The threads of ethnic English and Scottish traditions that ran through the early cultural life of Hillhurst-Sunnyside began with the area’s pioneers and developers whose families had roots in those two homelands and brought the customs of those countries to their new home.

The Englishness of Hillhurst was clearly shaped by the vision of its pioneer landowner and developer, Ezra Riley, whose father Thomas came from Derbyshire, England and whose mother Georgiana from the small town of Kirton in Lindsey, in North Lincolnshire, England. Both Ezra’s original 1904 subdivision and its 1906 addition employed street names that referenced English place names including Oxford, Gladstone, Buckingham, Norfolk and Essex. When his mother, Georgiana Riley, registered Upper Hillhurst in 1906 she also used street names with English references like Marlborough and Wellington streets and others named for the British Royal family.
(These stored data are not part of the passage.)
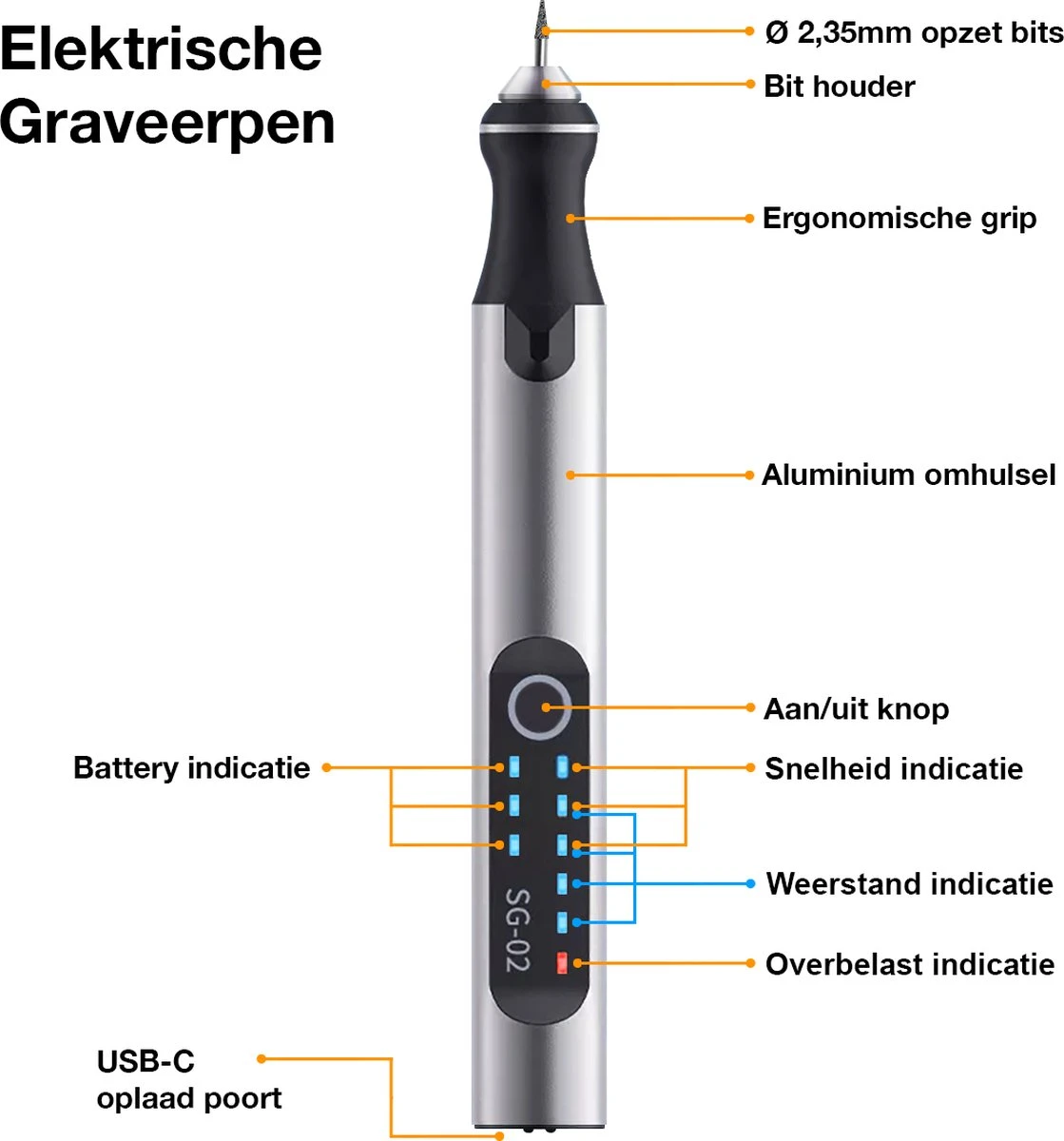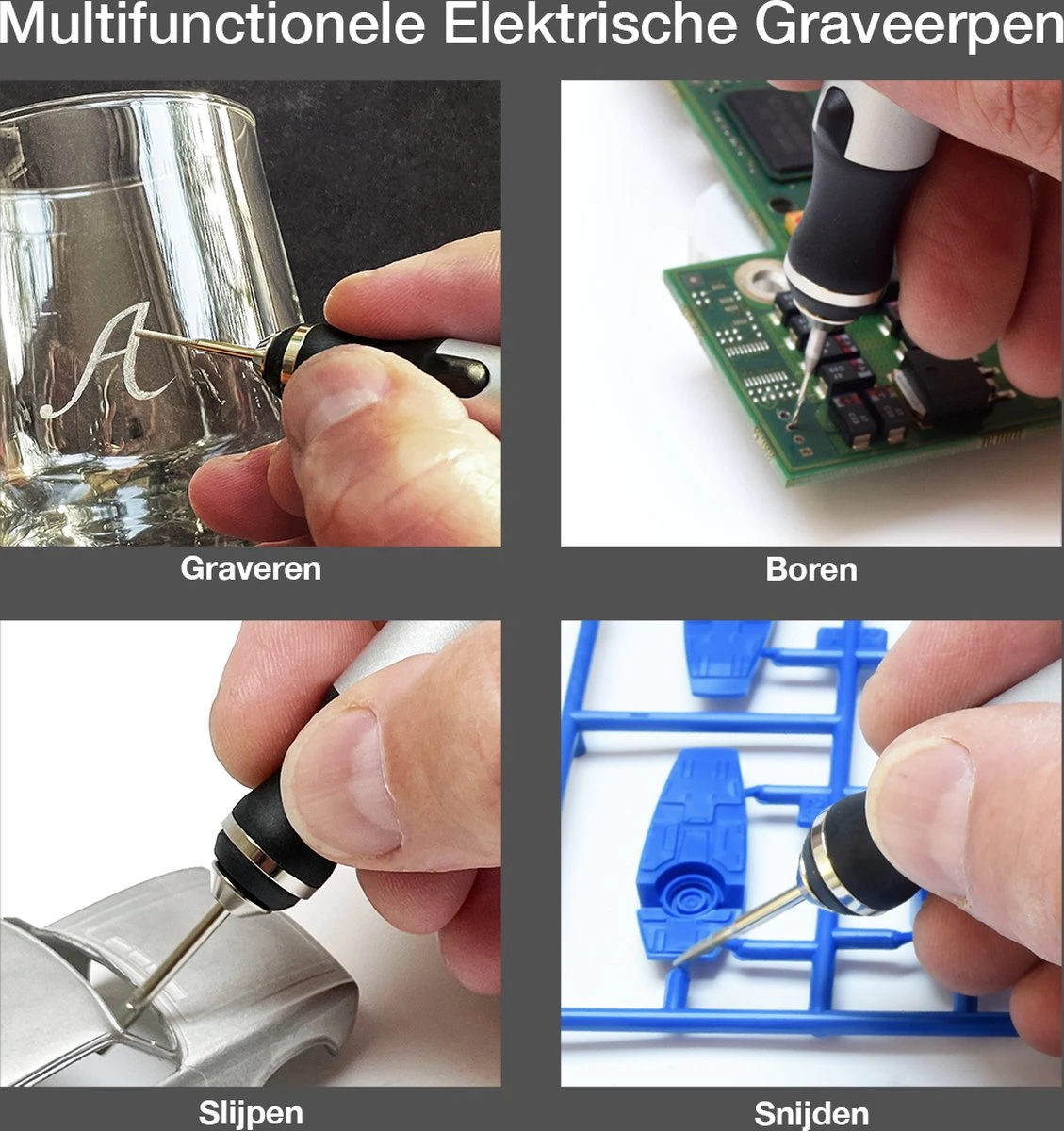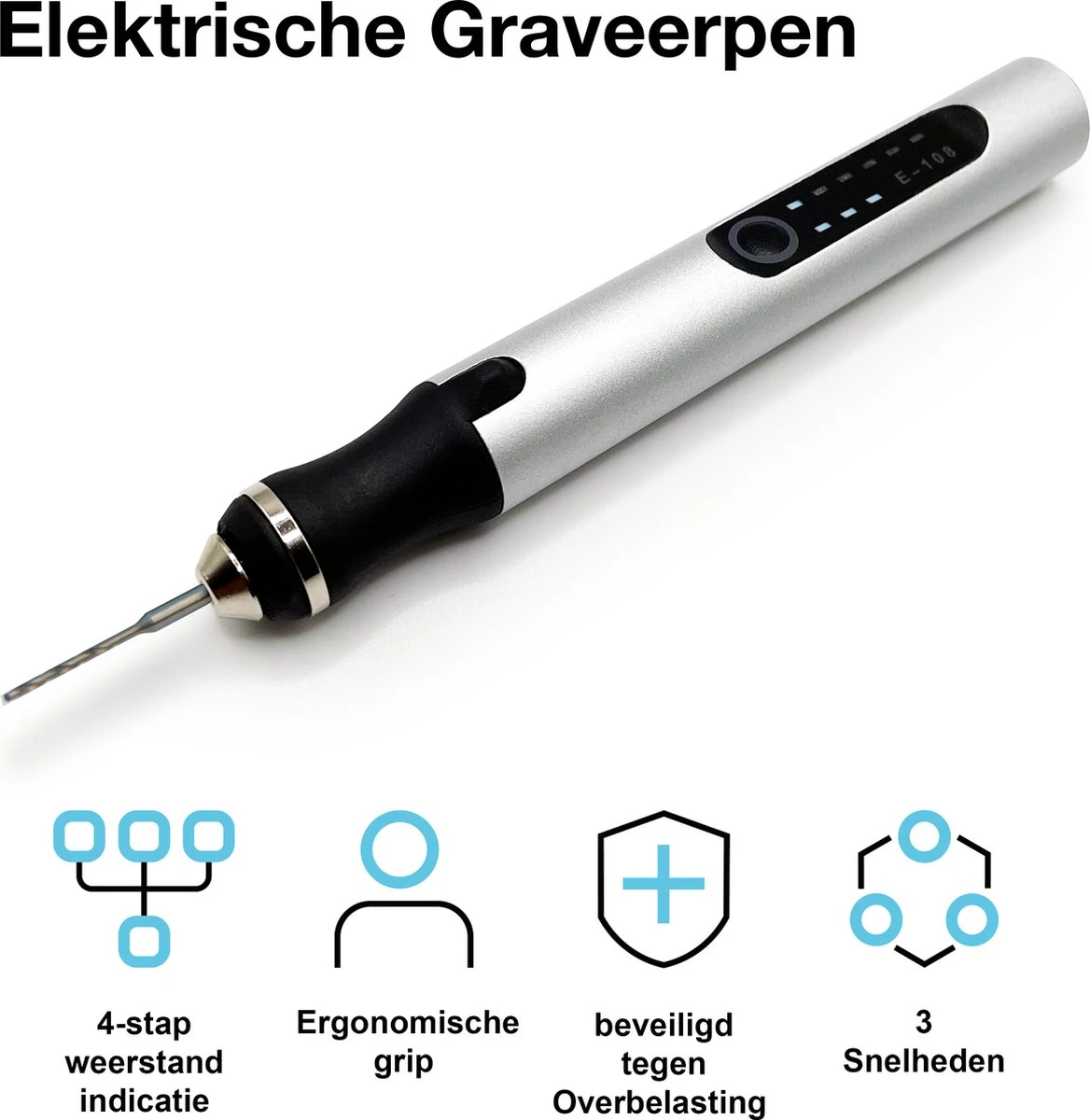 De graveerpen heeft een premium motor die het graveren makkelijk en comfortabel maakt. Let op: dit is een precisie instrument, dus niet bedoeld voor zware toepassingen.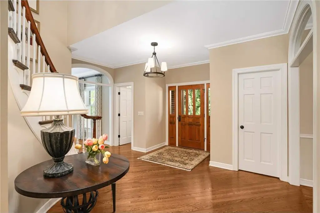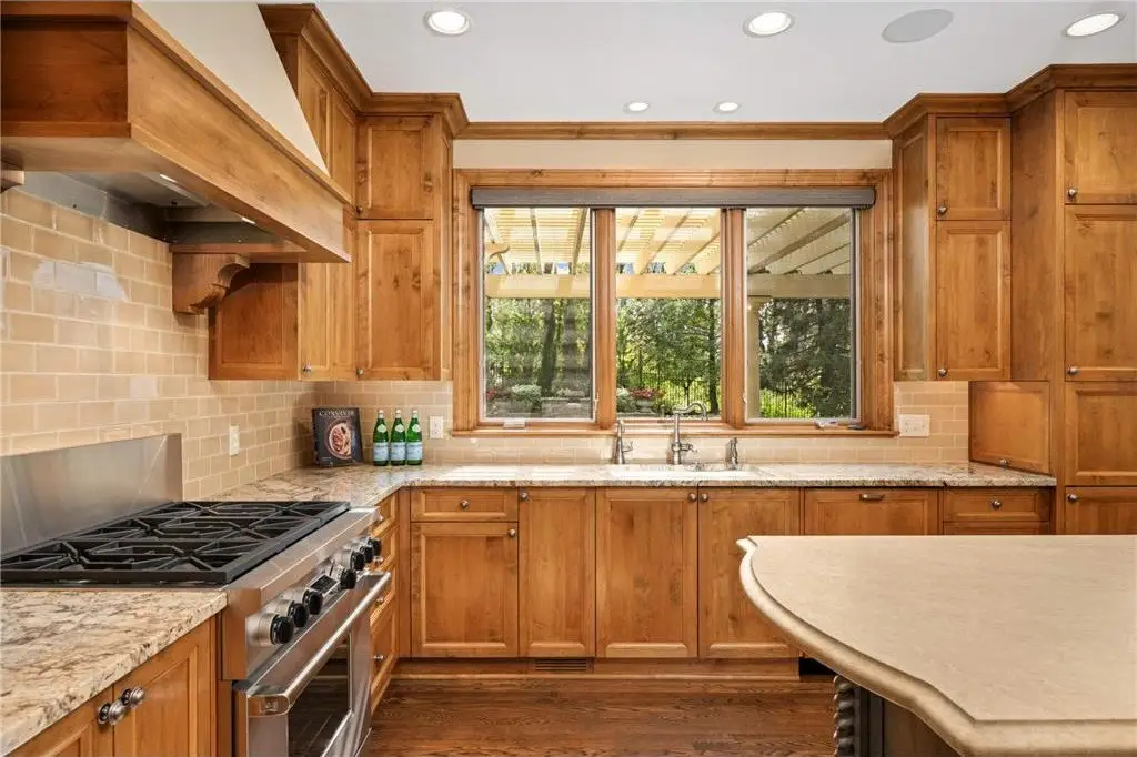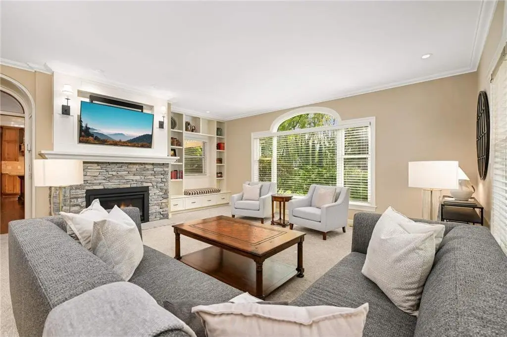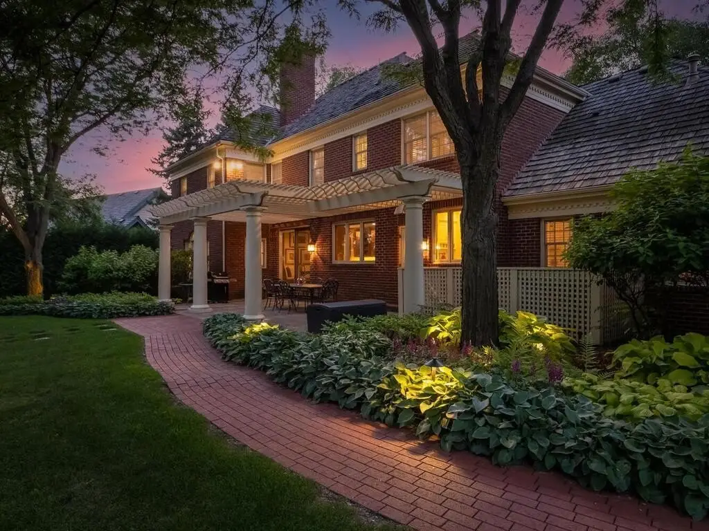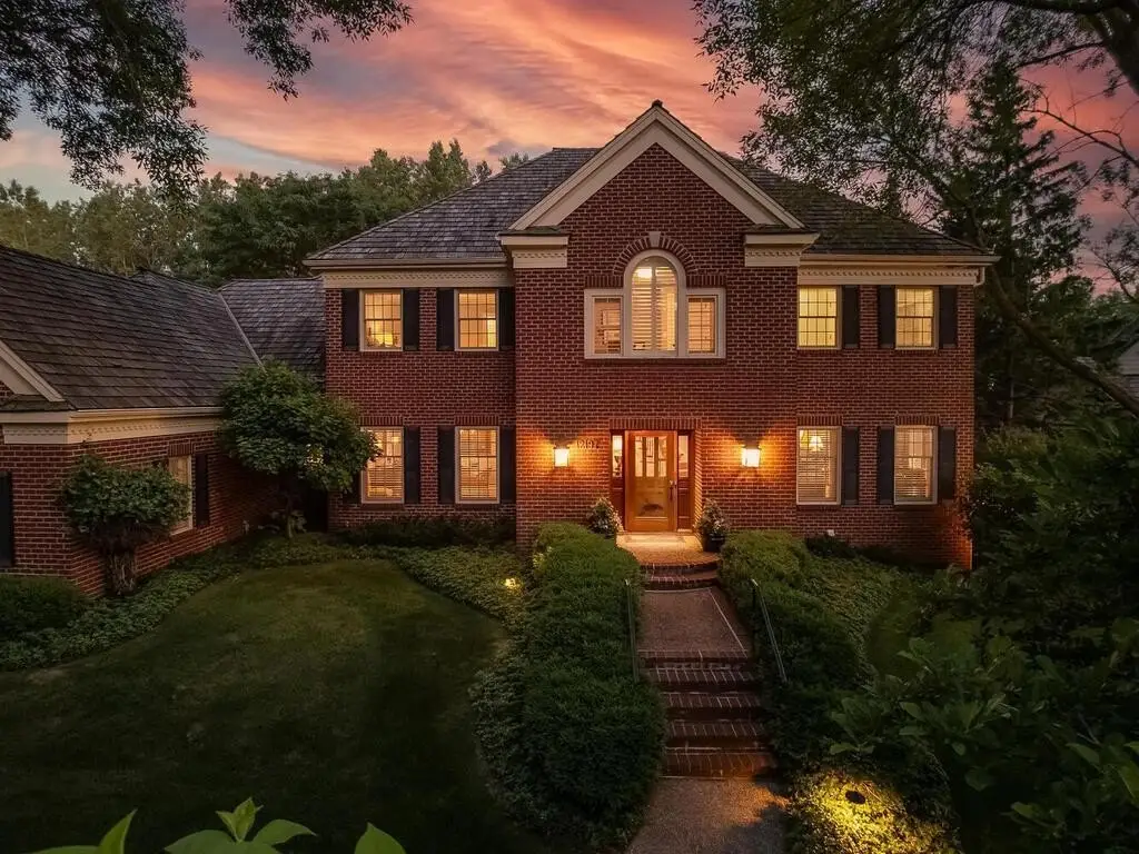 Welcome to this impeccably maintained grand red brick Colonial, offering timeless elegance and modern luxury in a truly spectacular setting. Nestled among lush gardens, this home boasts an inviting in-ground pool, expansive patio space—perfect for entertaining—and a layout designed for both comfort and sophistication. Step inside the grand foyer with its sweeping staircase and discover a spacious open floor plan featuring gleaming hardwood floors, a stunning center island kitchen with high-end finishes, and a cozy stone fireplace anchoring the main living area. A dedicated main-floor office and formal dining room add function and elegance. Upstairs, you’ll find four generously sized bedrooms, including a luxurious primary suite with a walk-in closet and conveniently located laundry. The lower level offers incredible bonus living space with a built-in media center, wet bar, billiards room, exercise area, and abundant storage. This home blends classic Colonial charm with top-tier amenities, making it an exceptional opportunity for refined living and entertaining.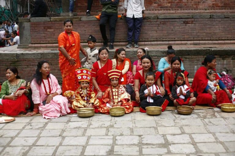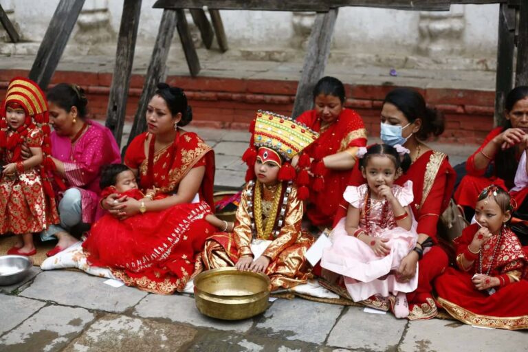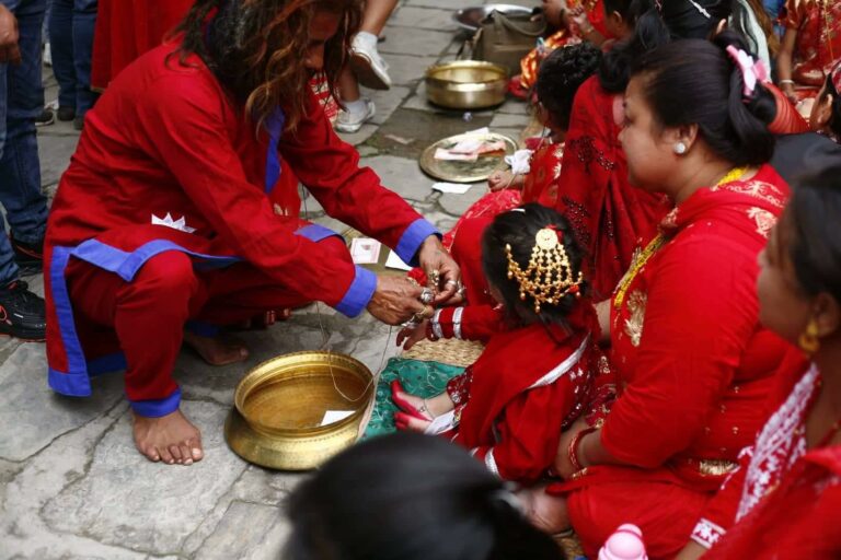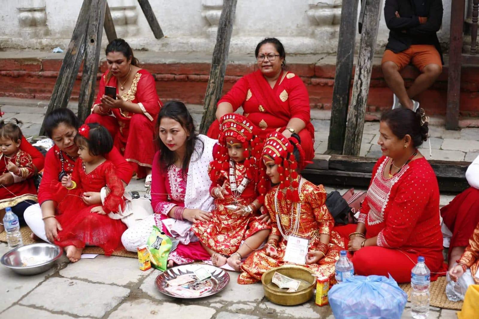 काठमाडौं । हनुमानढोकास्थित वसन्तपुरमा बिहीबार ‘जीवित देवी’को रुपमा पुजिने कुमारीको सामूहिक पूजा गरिएको छ । इन्द्रजात्रा पर्वअनुुसार लिंगो ठड्याएको भोलिपल्ट कुमारीको पूजा गर्ने परम्परा रहेको छ ।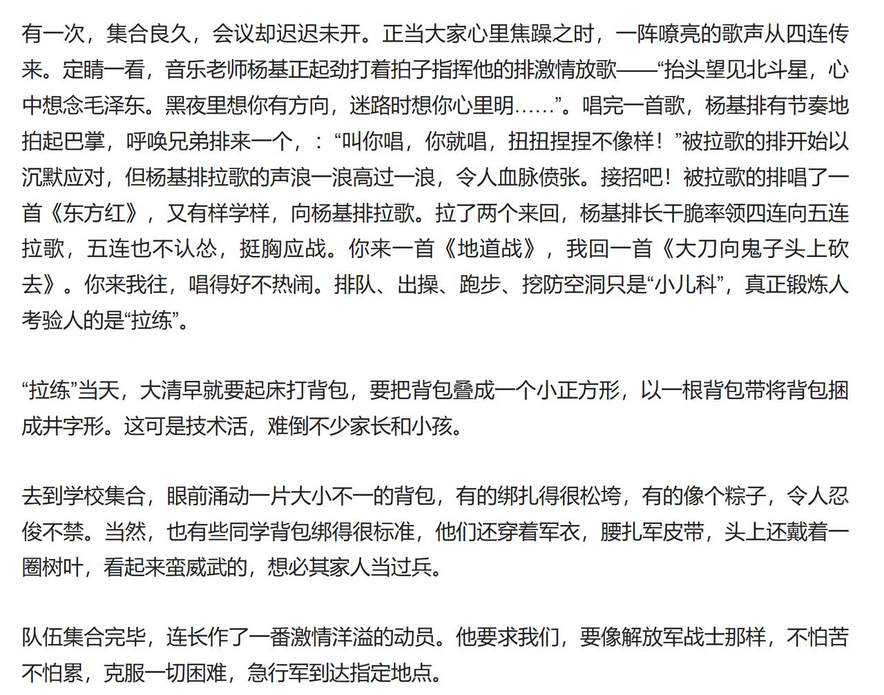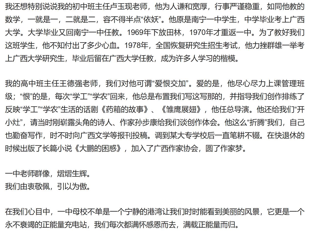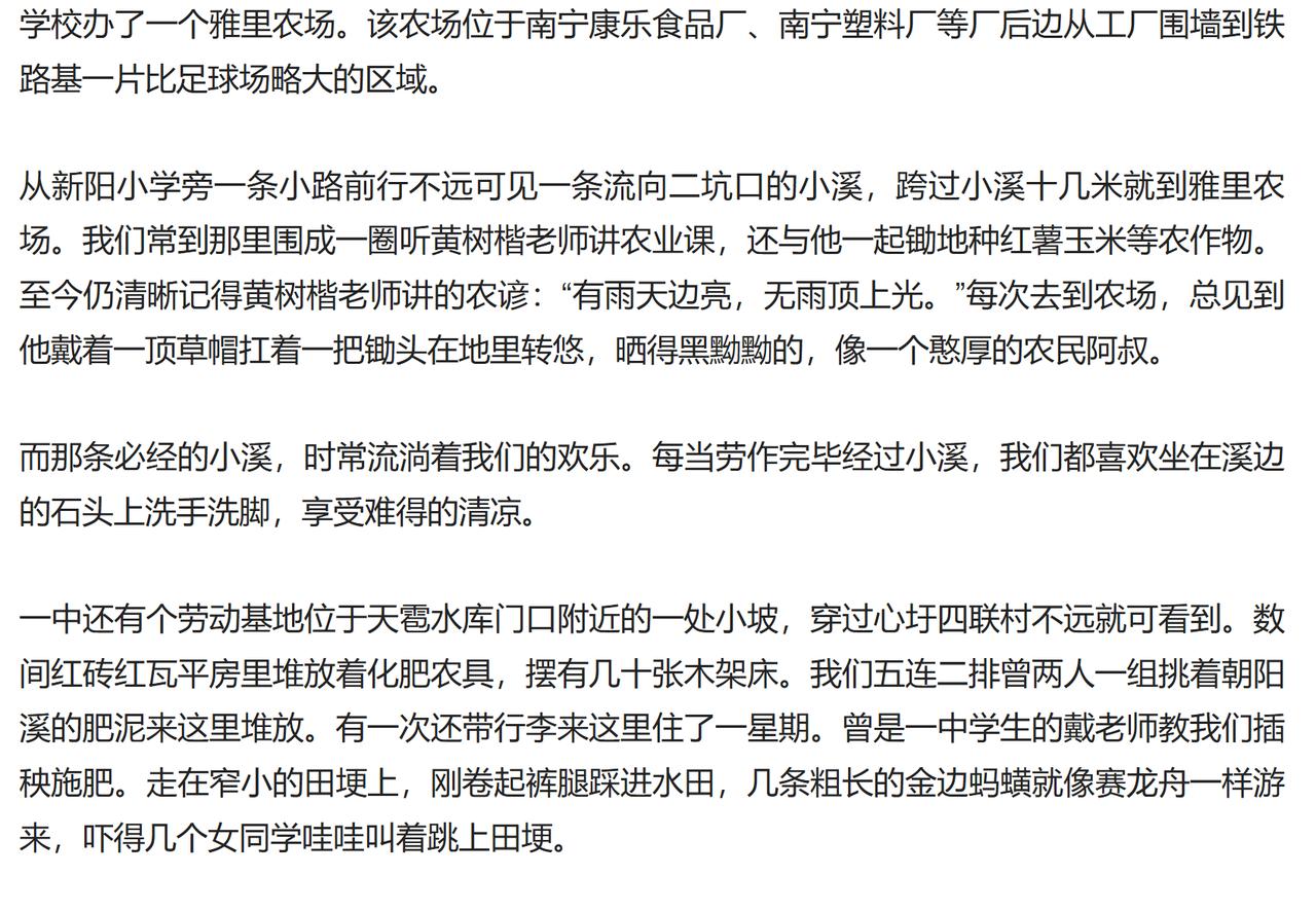 “开门办学”的苦与乐 编者按:感谢作者的这篇文章,使我们知道中学“老三届”离校之后,上世纪七十年代普通中学的“开门办学”,就是把社会实践当作学生的主要课程,课堂教学时间大幅减少。这种模式虽增强了学生的动手能力,但导致基础知识体系断裂。这与老三届的以学习科学知识为主,注意知识传承而社会实践为辅倒转过来了,这段历史警示我们:教育改革需尊重教育规律。 (作者韦云翔)“开门办学”是特殊时期推行的以生产劳动、政治运动、社会活动、军事训练等替代文化课的教育实践形式。“学工”“学农”“学军”是其主要内容。我们这一代人,或者说我们这一批人,生逢其时,接受了它独特的“教育”。它注入了太多的元素,我无法说清它好与不好。 十三四岁,含苞欲放的年纪,本该有充足的光照和雨露的滋润,我们却早早步入社会,承受了过多的风霜雨雪磨炼。 我们在“开门办学”中学到了许多课本上没有的东西,我们会插秧、种红薯、养猪、打背包、拉歌……可是,在挥洒汗水的时候,我们的青春花季已不知不觉悄然滑过。 (作者韦云翔,南宁一中七四届学生。1979年考入北京师范大学中文系,1983年大学毕业入职南宁晚报、南宁日报总编助理、编委、主任编辑。多篇作品获全国晚报新闻奖、广西新闻奖。获中国新闻工作者协会颁发“从事新闻工作三十年”荣誉证书证章)。

English roots are also evident in Col Lawrence Herchmer’s 1907 Westmont subdivision which had original street names like Cambridge, Devenish and Beveridge. Herchmer descended from a prominent Kingston, Ontario family of United Empire Loyalists whose arrival in North America dates to the 18th century. As a result he was born and received most of his education in England.

The Church of England (Anglican Church) also featured conspicuously in Hillhurst, with Morleyville Road named for the Anglican Mission at Morley, and after 1906, with St Barnabas Church and churchyard. In 1912 Ezra gifted a new brick-clad St Barnabas Church to the parish. As well, an Anglican boy’s school, the Bishop Pinkham College (the site that would be used for health care), was built just north of Hillhurst School. The architect responsible for these ecclesiastical buildings was Leo Dowler (1876-1921), an Anglican himself as well as a Sunnyside resident.

One of Calgary’s most prolific early architects, Dowler was born in Kingston, Ontario where he trained in architecture, arriving in Calgary in 1899. He first worked in carpentry before establishing his architecture practice in 1905. He worked with a variety of partners before returning to independent practice, during which time he also served as the Dominion Government’s resident architect in Calgary. Leo married pioneer Samuel Livingston’s daughter Mary in 1904, and designed and built their 1911 home88 where they raised their large, growing family. His other works in and near the community include Hillhurst School, Ezra Riley’s Hillhurst estate home, Alfred’s Riley’s Lodge in Parkdale, landowner AJ McArthur’s Crescent Heights residence and - just across today’s Mewata Bridge - the Mewata Armory. Although he is responsible for numerous historic resources in the city, only Hillhurst School and St Barnabas Church tower remain of his Hillhurst-Sunnyside works.

Perhaps the most unusual English influence to find in a North American community is the cricket field, also a legacy of Ezra. He donated the land for a City park, Riley Park, in 1910 and in 1919 he asked parks superintendent William Reader to install cricket pitches in the park. He also requested that cricket be the only team sport to be played in Riley Park. Another English custom - ‘afternoon tea’ - played out every Sunday at Riley Park, when it was served at the cricket club house.

The game of cricket in Riley Park where the Calgary and District Cricket League are currently based, and worship in St Barnabas Church of England, are enduring examples of intangible cultural heritage that have been practiced for over a century.

88 428 Boulevard (now Memorial Drive, home non-extant or significantly altered).